La trampa digital de diciembre

¡Buenos días!

Privacidad en jaque durante las fiestas. El ingeniero en sistemas y experto en hacking ético, Marvin G. Soto, advierte que la privacidad digital es hoy el derecho más vulnerado y el riesgo más ignorado. Explica que diciembre concentra más ataques por compras, viajes y exceso de exposición en redes. Además, alerta que la brecha generacional y la falta de educación digital dejan a miles de familias peligrosamente desprotegidas.

Las laptops que sobrevivirán a la IA. En plena avalancha de ofertas, muchos equipos esconden procesadores y memoria de hace cuatro años disfrazados de gangas. Hoy, para sobrevivir a la era de la Inteligencia Artificial, el mínimo indispensable es 16GB de RAM y un procesador moderno con NPU. Elegir bien no solo evita frustraciones: garantiza una laptop rápida, eficiente y útil por los próximos 4 o 5 años.

Latinoamérica no gira, castiga. El análisis de Rafael P. Palomo sostiene que los cambios ideológicos en Latinoamérica no son virajes doctrinarios, sino reacciones de castigo ante gobiernos que no entregan resultados. La frustración acumulada erosiona la legitimidad del sistema y abre espacio a figuras antisistémicas con promesas de orden inmediato. Así, el ciclo de expectativas infladas y decepciones rápidas prepara el terreno para soluciones autoritarias y un desgaste creciente de la democracia.

INGENIERO EN SISTEMAS Y EXPERTO EN HACKING ÉTICO

Marvin G. Soto: ”Los ciberdelincuentes saben que diciembre es el mejor mes” 

Por: Gérman Gómez 

El experto costarricense en ciberseguridad Marvin G. Soto resaltó que la privacidad digital es hoy el derecho más vulnerado y el riesgo más ignorado por los usuarios. Destacó tres alertas clave: el exceso de exposición, el aumento de ataques en diciembre y la brecha generacional que agrava la vulnerabilidad digital de miles de familias. 

Hoy en día, las personas comparten cada detalle en redes sociales. Soto advirtió que la desinformación, ciertos patrones de comportamiento y la falta de educación digital crean un entorno ideal para ataques dirigidos y manipulaciones cada vez más sofisticadas. 

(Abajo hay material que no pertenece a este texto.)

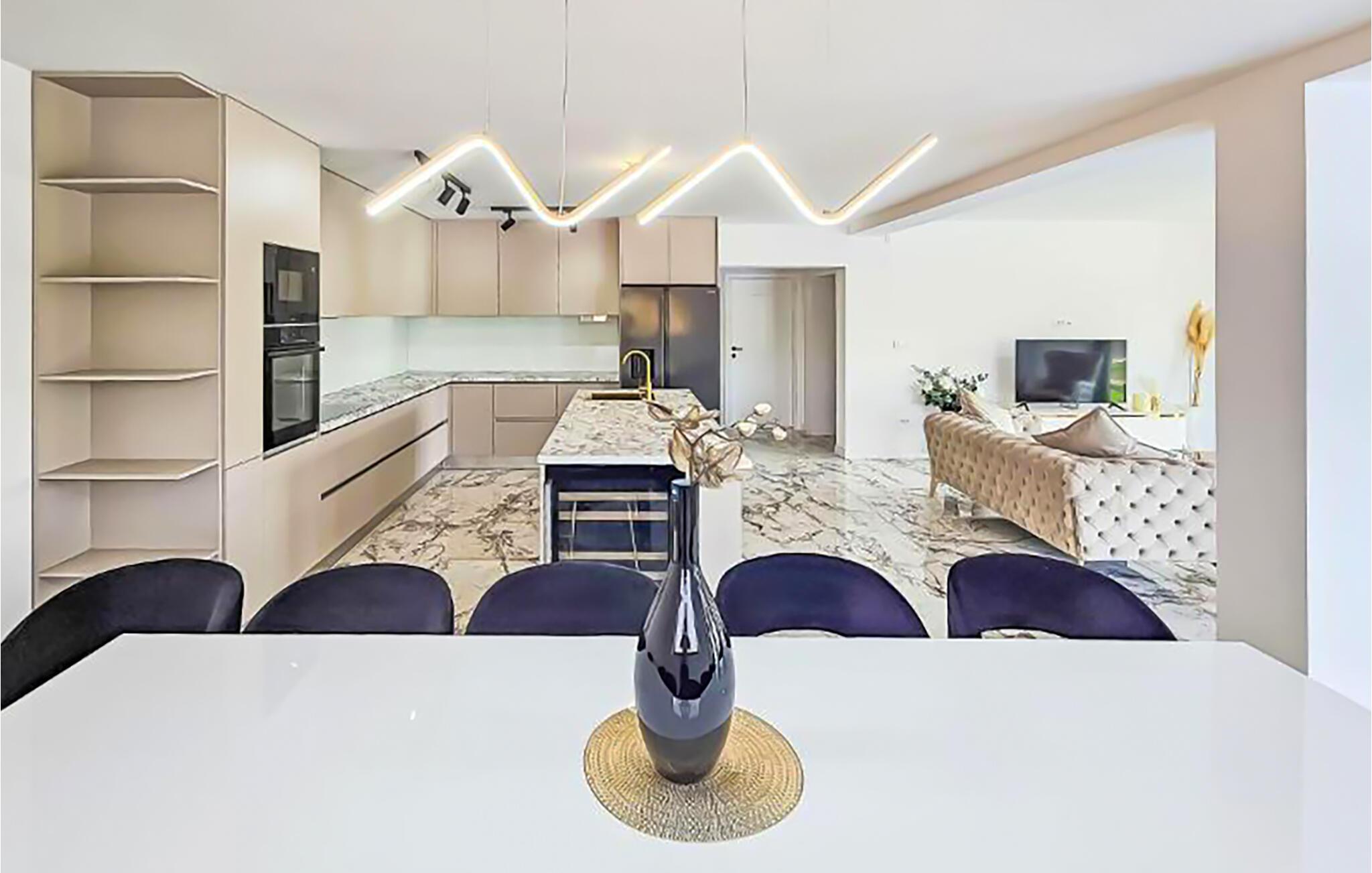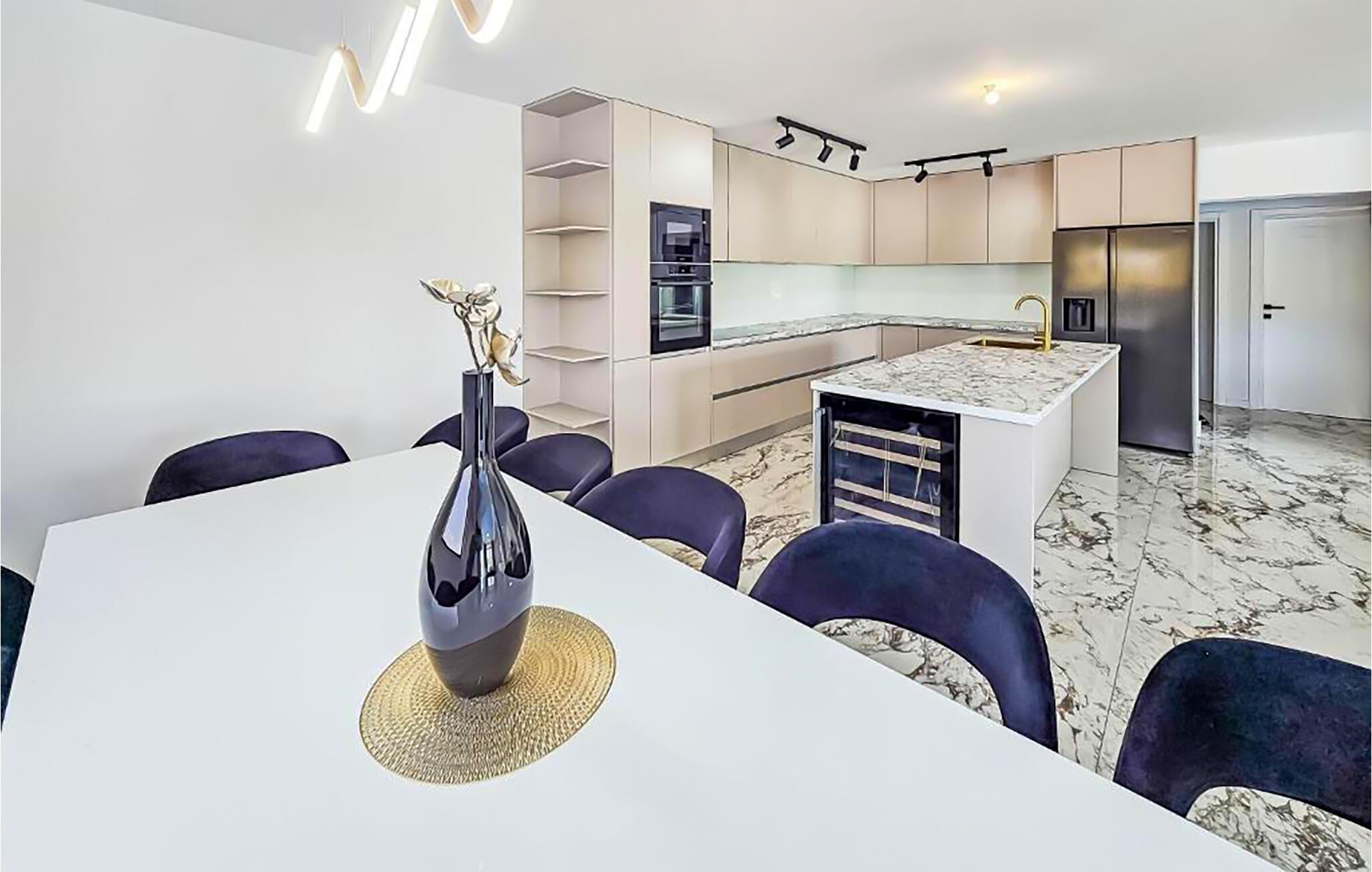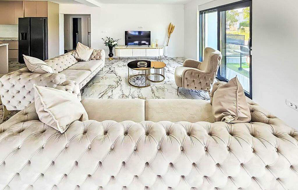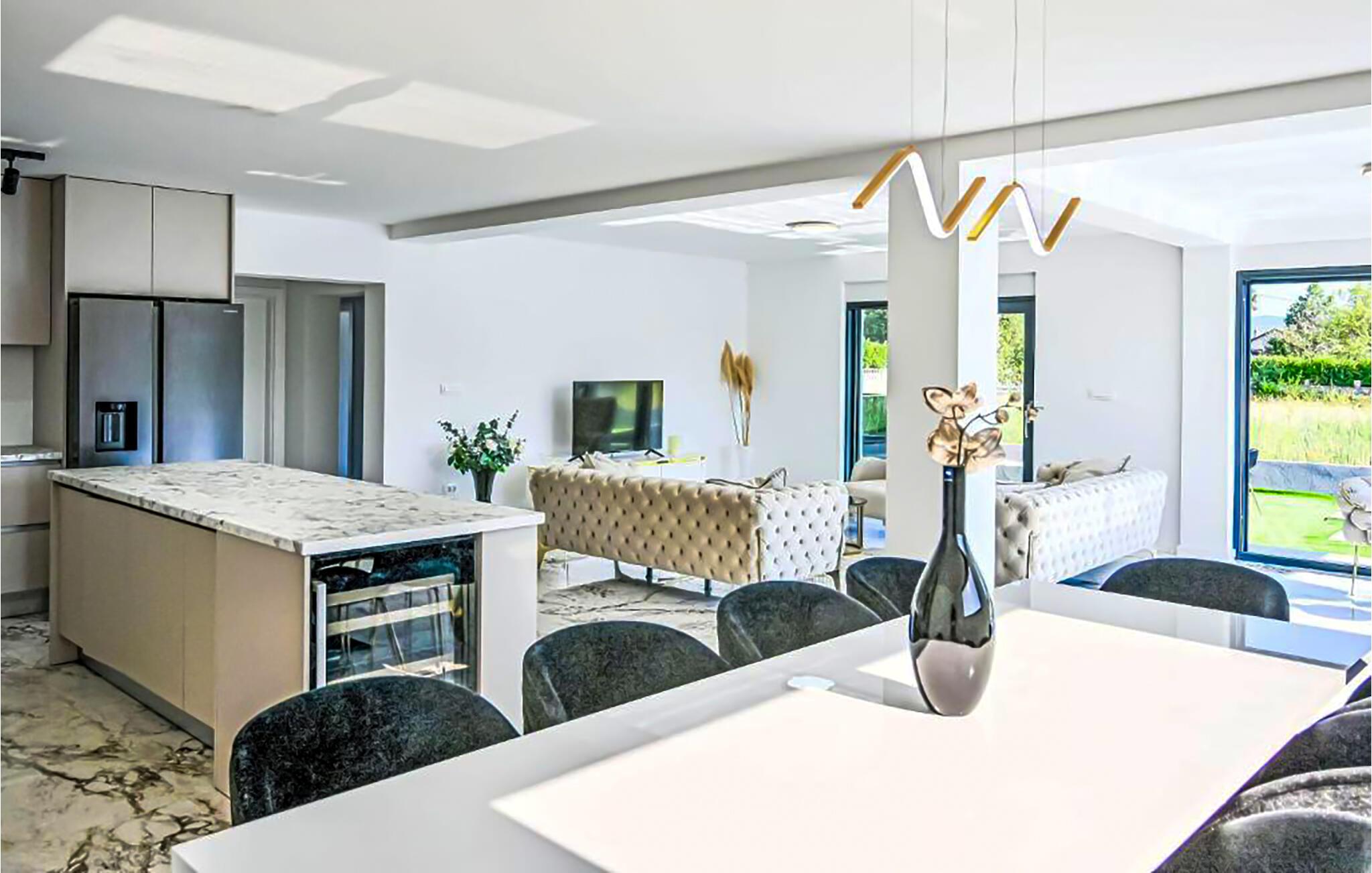 Denne romslige og moderne villaen har god plass til å dele den stilfulle atmosfæren med en større familie eller vennegjeng. Du kan trylle frem kulinariske høydepunkter i hyggelige sammenkomster, samles til avslappede måltider i den elegante spisestuen og kose deg i sofaene av høy kvalitet med en god film eller en spillkveld etter en lang dag i solen.

¿Cuáles son los peligros de publicar todo en internet? 

—La privacidad es el derecho más pisoteado, pese a ser fundamental. Pagamos para defenderla. Producimos contenido que nos deja viviendo en una casa de cristal. Estamos expuestos a cualquiera que observe nuestras actividades digitales y a sistemas que analizan nuestros patrones. 

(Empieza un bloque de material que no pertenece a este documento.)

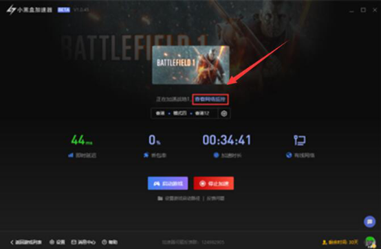 2、进入小黑盒加速器界面后,随意选择需要加速的一款游戏进行加速,然后点击“查看网络监控”的功能项目。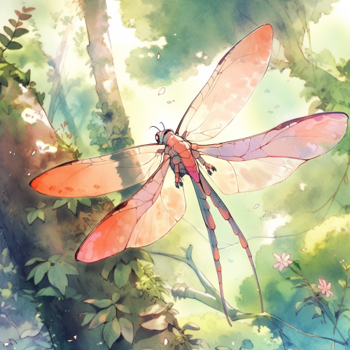 Giant dragonfly, flying on tree tops, ghibli style, watercolour --niji 5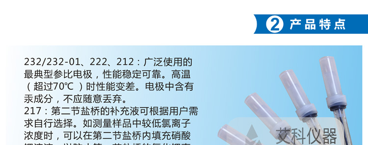 232/232-01、222、212:廣泛使用的**典型參比電極,性能穩(wěn)定可靠。高溫(超過70℃)時性能變差。電極中含有汞成分,不應(yīng)隨意丟棄。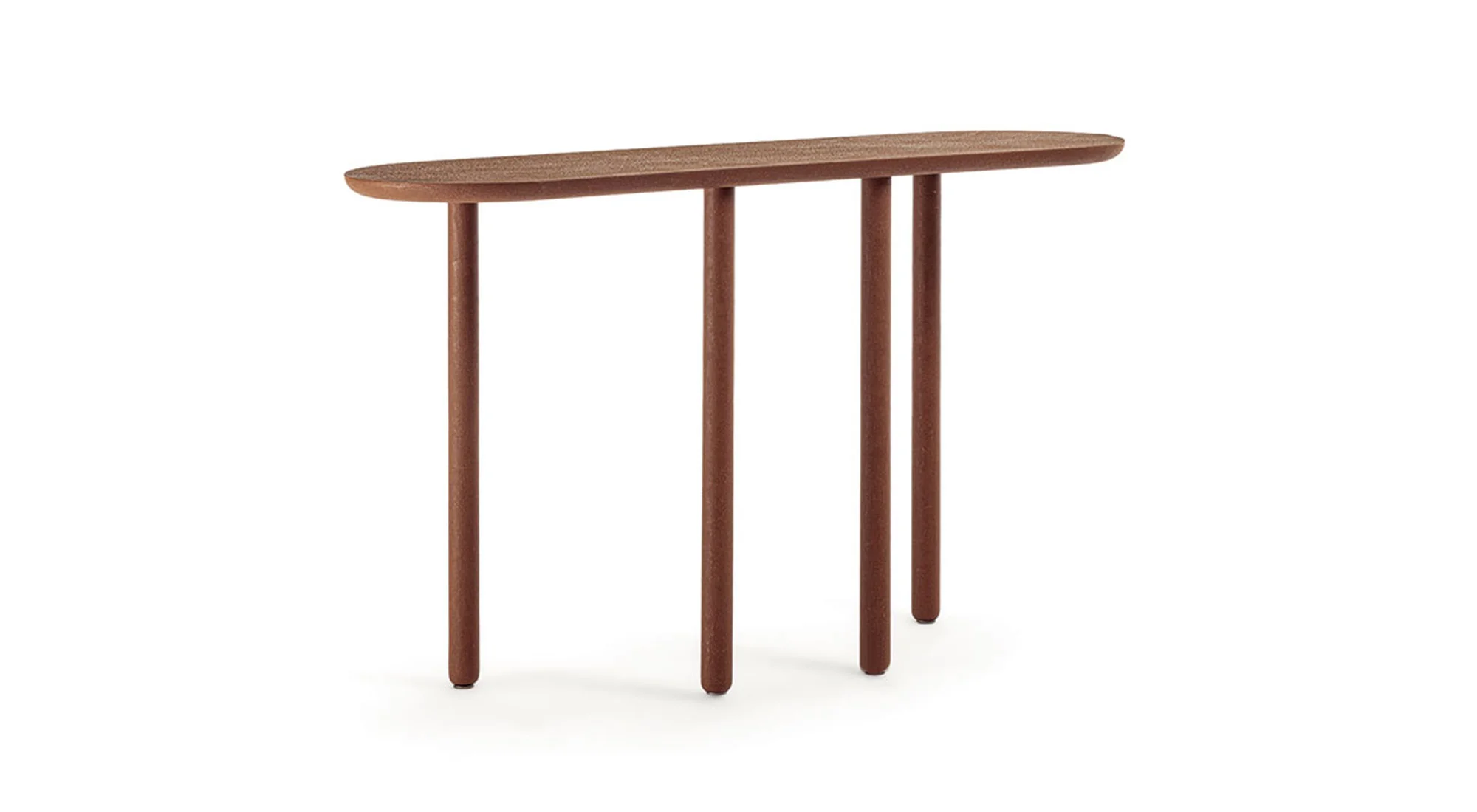 Piani di appoggio e insieme elementi decorativi rivestiti con una selezione di finiture materiche che celebrano l’essenza vibrante del cemento. La famiglia Roll-O, oltre al tavolo tondo, accoglie anche la console, un arredo definito dal ritmo inaspettato delle quattro sottili gambe d’appoggio. Le gambe frontali sono posizionate asimmetricamente rispetto a quelle posteriori e terminano con una delicata linea stondata, accentuando la leggerezza e la sostanzialità compositiva dell’arredo. Una console che trova la sua bellezza nella semplicità e nella versatilità d’utilizzo, permettendo di rivisitare in chiave contemporanea qualsiasi tipologia di spazio, dall’area pubblica all’ambiente domestico.

Migramos del mundo analógico al digital sin comprender riesgos. Digitalizamos todo y olvidamos cuidarnos. Usamos herramientas que simplifican la vida, pero no asumimos que debemos mantener seguridad igual que en la calle. Transformamos nuestra rutina sin entender lo que implica entregar datos sin ninguna protección. 

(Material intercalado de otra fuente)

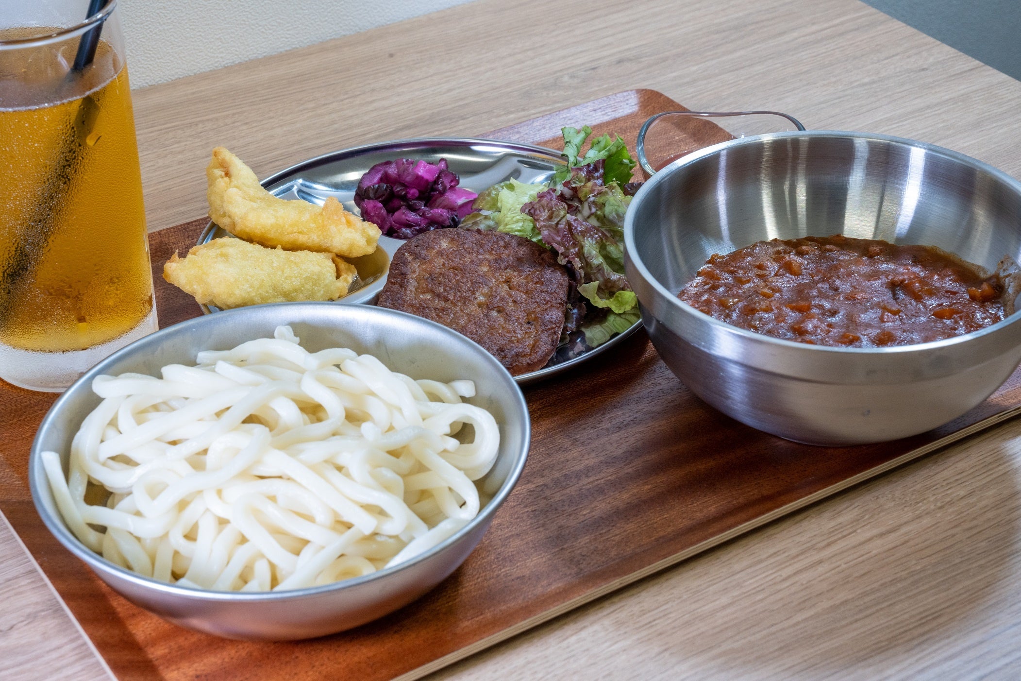 懐かしのハンバーグがメインとなる給食スタイルの定食。ソフト麺はミートソースと鶏天、ご飯は筑前煮とみそ汁がセットになります。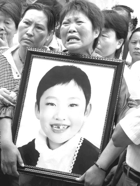 盡管還未開庭,但法庭外已聚集了數(shù)百名群眾,其中,受害人的親屬舉著死者生前的照片聲淚俱下地控訴著殺人兇手,不時有群眾擦拭眼淚。“我是專程從10多里外的常莊鄉(xiāng)趕過來的,我要看看這個殺人女教師究竟長什么樣,要看看她為什么要殺害自己年僅8歲的學生。”現(xiàn)場一位老太太說。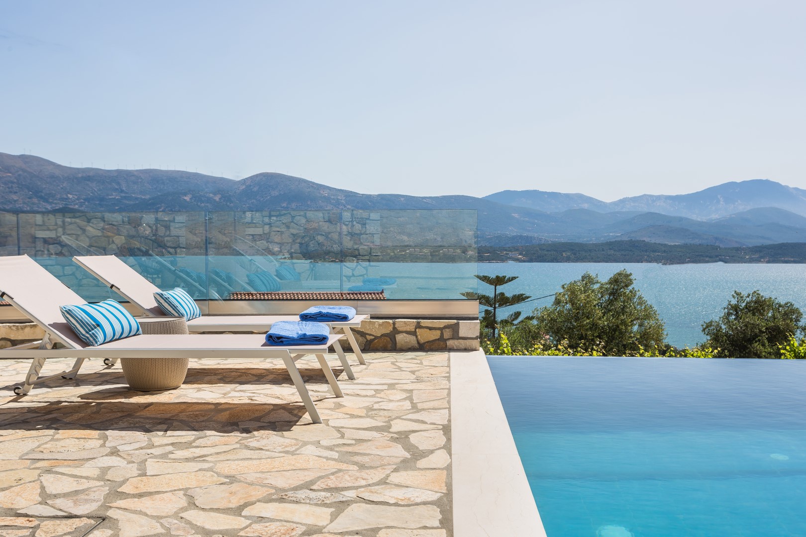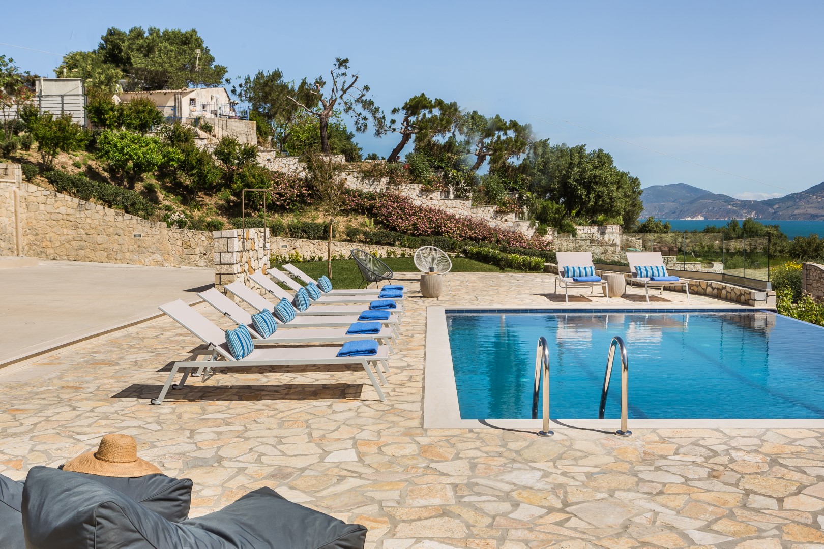 OUTDOORS: Breathtaking sea views, loungers and umbrellas, infinite swimming pool, open poolside shower, BBQ, well cared garden, shared washing machine,.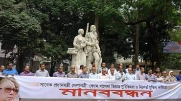 খালেদার মুক্তির দাবিতে ঢাবি সাদা দলের মানববন্ধন

¿Por qué el crecimiento acelerado de datos personales se vuelve riesgoso en fin de año? 

—En estas fechas incrementamos las compras, los viajes y la interacción en redes sociales. Eso significa que entregamos más datos sin darnos cuenta. Publicamos nuestras salidas, la casa vacía, los regalos, los destinos o los horarios. Vivimos en casas de cristal porque todo queda registrado en plataformas que absorben cada detalle.

Lo que parece una simple foto de celebración o un comentario sobre nuestras vacaciones también revela patrones. Dicen qué compramos, dónde estamos, con quién convivimos y qué hábitos repetimos. Toda esa información alimenta sistemas que aprenden, clasifican y segmentan, dejando a las personas expuestas a riesgos que no siempre comprenden. 

¿Cuáles son los riesgos más frecuentes para las familias? 

—La generación alfa ya es totalmente nativa digital y domina dispositivos desde muy pequeña. Ese manejo natural contrasta con la dificultad de muchos adultos mayores. Esa mezcla aumenta la brecha y genera un ambiente donde entregamos datos sin protección. Revelamos viajes, intereses y actividades sin medir consecuencias. 

Incluso algo sencillo, como pedir una agenda de viaje a una inteligencia artificial, revela fechas, lugares, gustos y preocupaciones. También existen alucinaciones o errores de programación. Datos incorrectos producen respuestas incorrectas. Así funciona la inteligencia artificial: buena entrada, buena salida; mala entrada, mala salida. 

¿Por qué diciembre es el mejor mes para los delincuentes digitales? 

—Los ciberdelincuentes saben que diciembre es el mejor mes para engañar. Aprovechan compras en línea, promociones falsas, correos con descuentos o mensajes que imitan servicios de entrega. Es una temporada donde la gente se relaja, y justamente ese descuido provoca más ataques exitosos que en cualquier otra época del año. 

¿Cómo ha cambiado la inteligencia artificial desde sus inicios? 

—La inteligencia artificial no es tan nueva como pensamos. Se originó por mediados de 1900, pero no despegaba porque requería bases de datos muy grandes. Desde 2010 comenzó a sentirse real gracias al internet. Los años 90 permitieron interacción masiva entre personas y dispositivos sin límites geográficos. 

Luego aparecieron las redes sociales entre 2004 y 2006 y explotó la cantidad de información disponible. Compartimos fotos, videos, emociones y discusiones. Ese volumen se convirtió en material para modelar sociedades y manipular grupos mediante burbujas digitales. Estas agrupan personas por comportamiento o por reacciones emocionales visibles en sus perfiles. 

Todo esto sustenta la inteligencia artificial y revela su lado oscuro. 

¿Qué factores aumentan la vulnerabilidad digital? 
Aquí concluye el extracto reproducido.